Existence of two natural number satisfying a given condition in a given set

Question

Suppose $A=\{1,2,\dots,112\}$, $B \subset A$ and the number of elements in $B$ is greater or equal to 37. Then, is it true that there always exist two elements $x,y \in B$ such that $x-y\in \{9,10,19\}$? Thanks in advance.

Answer 1

Let's prove the following ...

Claim: Let $S$ be a subset of $X=\{1,2,\dots , 28\}$ for which $a-b\not\in\{9,10,19\}$ for all $a,b\in S$. Then $|S|\le 9$.

By way of contradiction, assume that $|S|\ge 10$. Now arrange the elements of $X$ as follows.

\begin{array}{rrrrrrrrrr} 1&2&3&4&5&6&7&8&9&\\ 10&11&12&13&14&15&16&17&18&19\\ 20&21&22&23&24&25&26&27&28& \end{array}

Note that $S$ can contain at most one element from each column. However, as $|S|\ge 10$, $S$ must contain at least one element from every column. In particular, $19\in S$ is forced.

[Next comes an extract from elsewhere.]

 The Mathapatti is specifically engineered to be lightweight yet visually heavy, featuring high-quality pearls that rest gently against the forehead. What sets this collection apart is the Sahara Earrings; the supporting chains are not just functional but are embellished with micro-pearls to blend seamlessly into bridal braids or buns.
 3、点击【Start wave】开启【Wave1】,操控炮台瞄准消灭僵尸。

Now consider the following arrangement of the elements of $X$.

\begin{array}{rrrrrrrrrr} 1&2&3&4&5&6&7&8&9&10\\ 11&12&13&14&15&16&17&18&19\\ 20&21&22&23&24&25&26&27&28& \end{array}

By using the exact same reasoning as above, we see that $10\in S$ is forced. But this is a contradiction because $19-10=9$. Thus $|S|\le 9$ as claimed.

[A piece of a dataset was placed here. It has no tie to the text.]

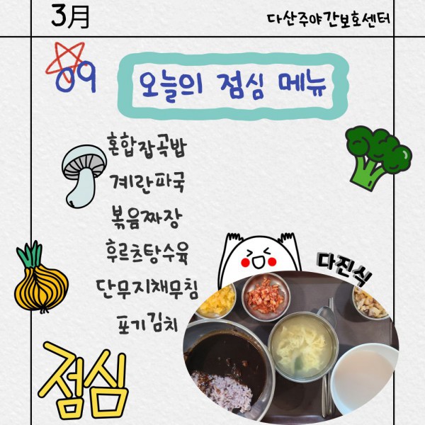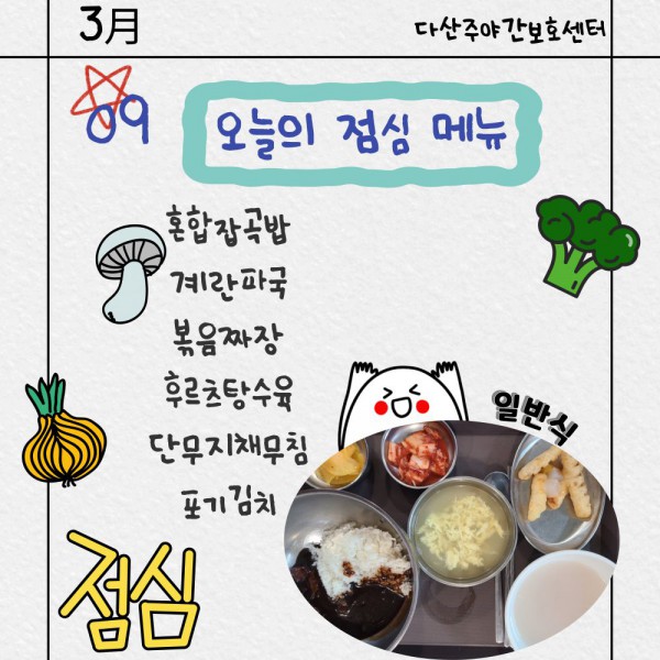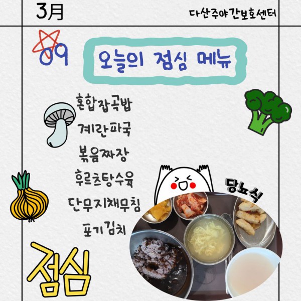 3월9일 점심식단 페이지 정보 작성자 명품다산주야간보호센터 작성일26-03-09 12:01 조회623회 댓글0건 관련링크 이전글 다음글 목록 본문 점심식단 입니다.(일반식,당뇨식,간반식) 이전글 다음글 목록

We may repeat this argument on the three remaining subintervals $\{29,\dots,56\}$, $\{57,\dots,84\}$, and $\{85,\dots,112\}$. This shows there are at most $9+9+9+9=36$ elements of $\{1,2,\dots,112\}$ with the desired avoidance property. Hence $|A|\ge 37$ will force the difference of some pair of elements of $A$ to be $9$, $10$ or $19$.